Imagine I saved your life. You had fallen into an icy river, and I jumped in and rescued you. Grateful as ever, you ask if there’s anything you could do to repay me. “Sure,” I reply. “You can pay my bar tab.” You happily agree.
Next week, I call you on Friday night to remind you that I saved your life. “I’m at the bar. Why don’t you come and pick up my tab again?” I ask. You reluctantly agree. The next week it’s the same thing, followed by the next week, and the next. To add insult to injury, each time my tab is bigger, resulting in you having less money.
One night I notice your reluctance. “You can’t get mad,” I say. “After all, if I hadn’t saved you, you’d have no money at all. You should be grateful to have what is left after you pay for my 14 Whiskey Sours.”

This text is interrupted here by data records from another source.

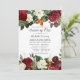 Invitación de boda por correo a distancia con tema de rosa vintage antigua con acentos de rojo vino de Borgoña, blanco marfil y dorado herrumbre.
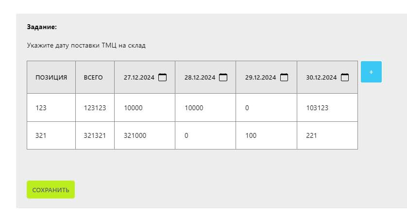 На заводе требовалась возможность фиксировать даты поставки деталей прямо в задаче. Для этого нами была реализована таблица: при нажатии на «плюс» добавляется колонка с текущим числом, а в строках перечислены наименования деталей, привязанных к сделке. Под каждой датой указывается количество поступивших единиц, а слева отображается общий доступный остаток — превысить его невозможно, автоматика не пропустит некорректный ввод.
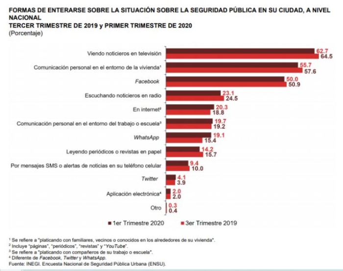 La población mexicana expresó los medios a través de los que se entera de los temas de inseguridad. La mitad de las personas encuestadas expresó que se informa sobre el tema en Facebook; el 19.1 a través de Whatsapp y el 20.3 por medio de internet en páginas, periódicos, revistas y YouTube.
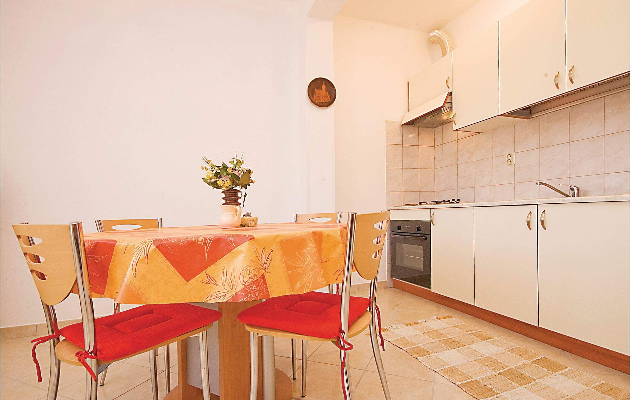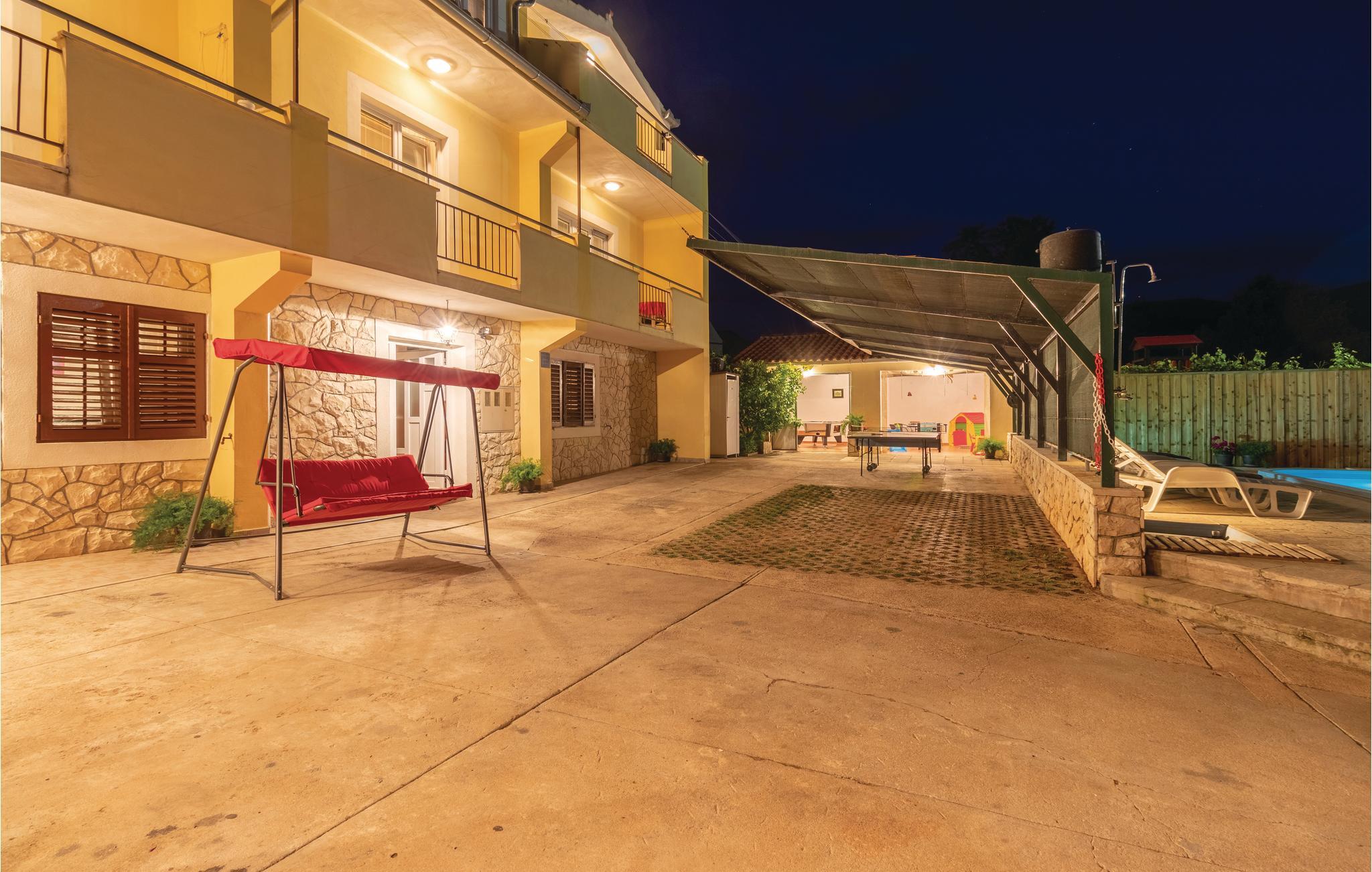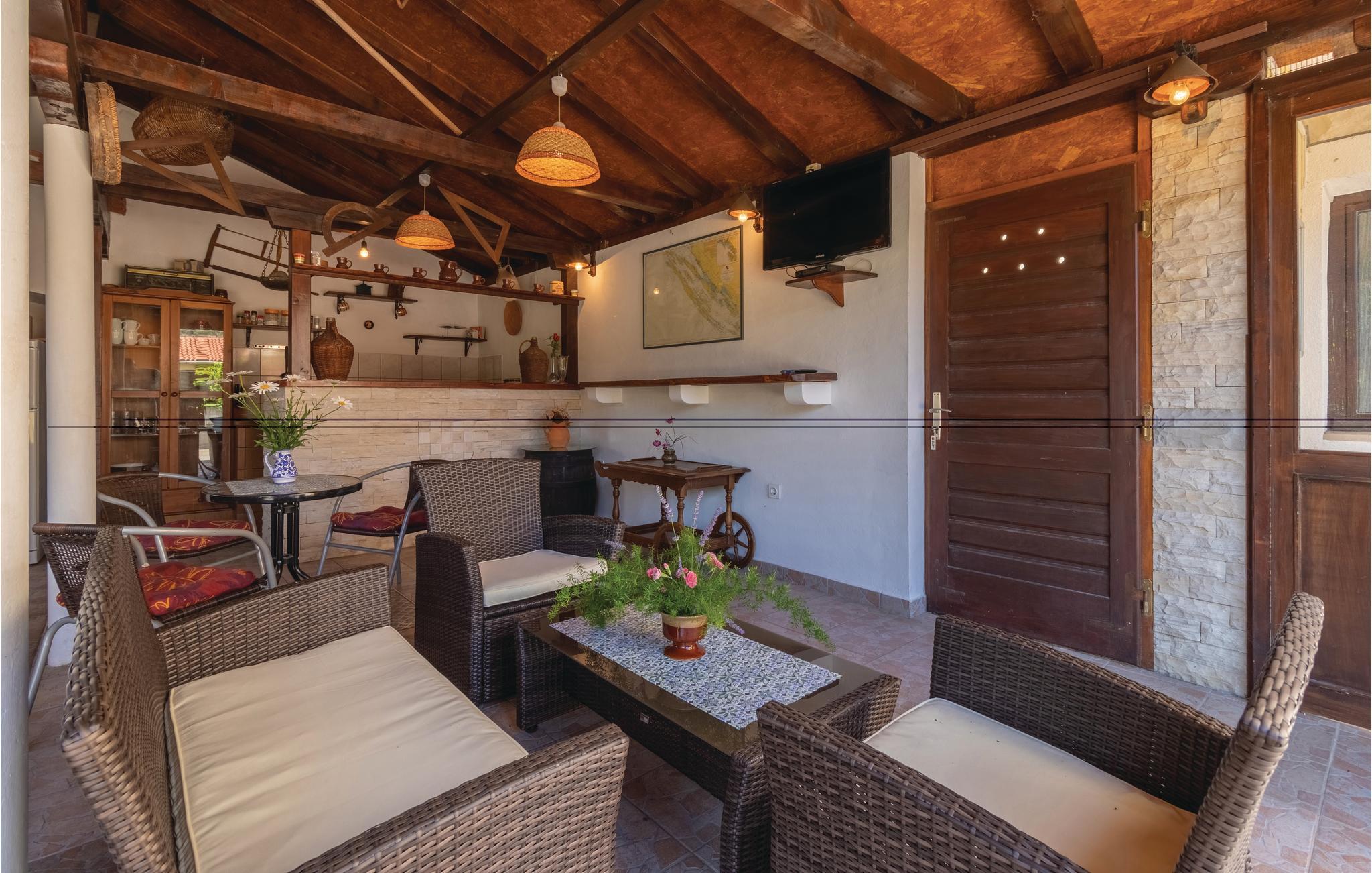 Dette dobbelthus består af 4 separate boligenheder, der er forbundet af en trappe. Hver boligenhed fremstår som en selvstændig bolig. I stueetagen er der et spilleværelse med bordfodbold og dart. I gården er der bordtennisbord, bocciabane og en gynge. I haven er der også et flot udendørs køkken med grill, gasblus, køleskab og vaskemaskine. Dobbelthuset ligger i smukke, rolige og afslappende omgivelser og er derfor det perfekte sted at tilbringe jeres rekreative ferie. Fra de nærliggende bakker er der en fantastisk udsigt over nationalparken Kornati med den smukke ø-gruppe.
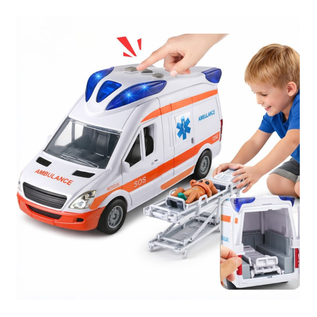 Prawdziwa karetka pogotowia nie może poruszać się bez odpowiedniej sygnalizacji. Oferowany model posiada na dachu wbudowany panel elektroniczny, który generuje intensywne efekty świetlne imitujące profesjonalne koguty ostrzegawcze. Cztery dedykowane przyciski pozwalają na aktywację różnych rodzajów dźwięków, w tym odgłosu odpalania silnika, ostrzegawczego klaksonu, dźwięku cofania oraz charakterystycznej syreny alarmowej. Samochód lekarski został również wyposażony w niezawodny napęd frykcyjny (friction) na przednią oś – wystarczy pchnąć pojazd po gładkiej powierzchni, aby dynamicznie ruszył przed siebie.
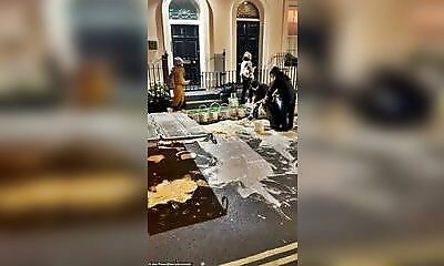 Devant une galerie d’art à Londres, un employé de livraison a accidentellement renversé des seaux géants de mayonnaise, formant une flaque glissante sur le trottoir, et suscitant l'étonnement des passants.
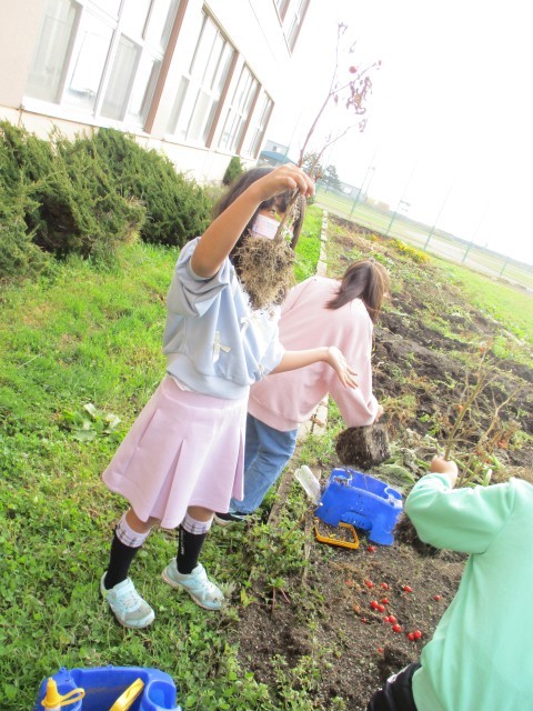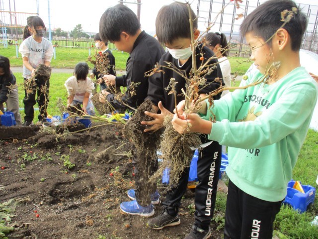 <11/6(木)> 大切に育ててきたミニトマトとのお別れ…(2年・生活科)
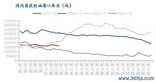 通过近四年的库存趋势图可以看出,现阶段国内葵花籽油库存处于相低位的位置。据Mysteel调研统计,截至2025年第16周,国内葵花籽油库存约16.4万吨,环比跌幅2.38%,同比跌幅47.35%。受供应影响,厂家挺价心态较浓,价格处于相对高位。目前实际终端需求较为疲软,就目前来看,后期国内月均进口量预计5万吨左右,全年进口缩减明显,预计国内以消化现有库存为主。

Though you were happy to pay for my first drink, you would likely consider the weekly requests exploitative. Yes, I did save your life, but that does not mean I should be able to charge you a limitless amount of money forever. It would also be ridiculous for me to claim I get every dollar you make, minus those used to keep you alive and at a comfortable standard of living.
It is the same with a business owner’s profit. Just because they created the conditions for work, it does not mean they should get to claim everything it produces. That privilege belongs to the workers, whose labor is irreplaceable.
This is only Part 1 of my answer to the question, “What do owners deserve?” As we covered here, it is a violation of humanity’s most intrinsic principles to believe owners deserve profit. The next installment will look at the second part of this question, “Do owners deserve compensation?”, as well as a very important context-setting on the transitionary nature of Socialism.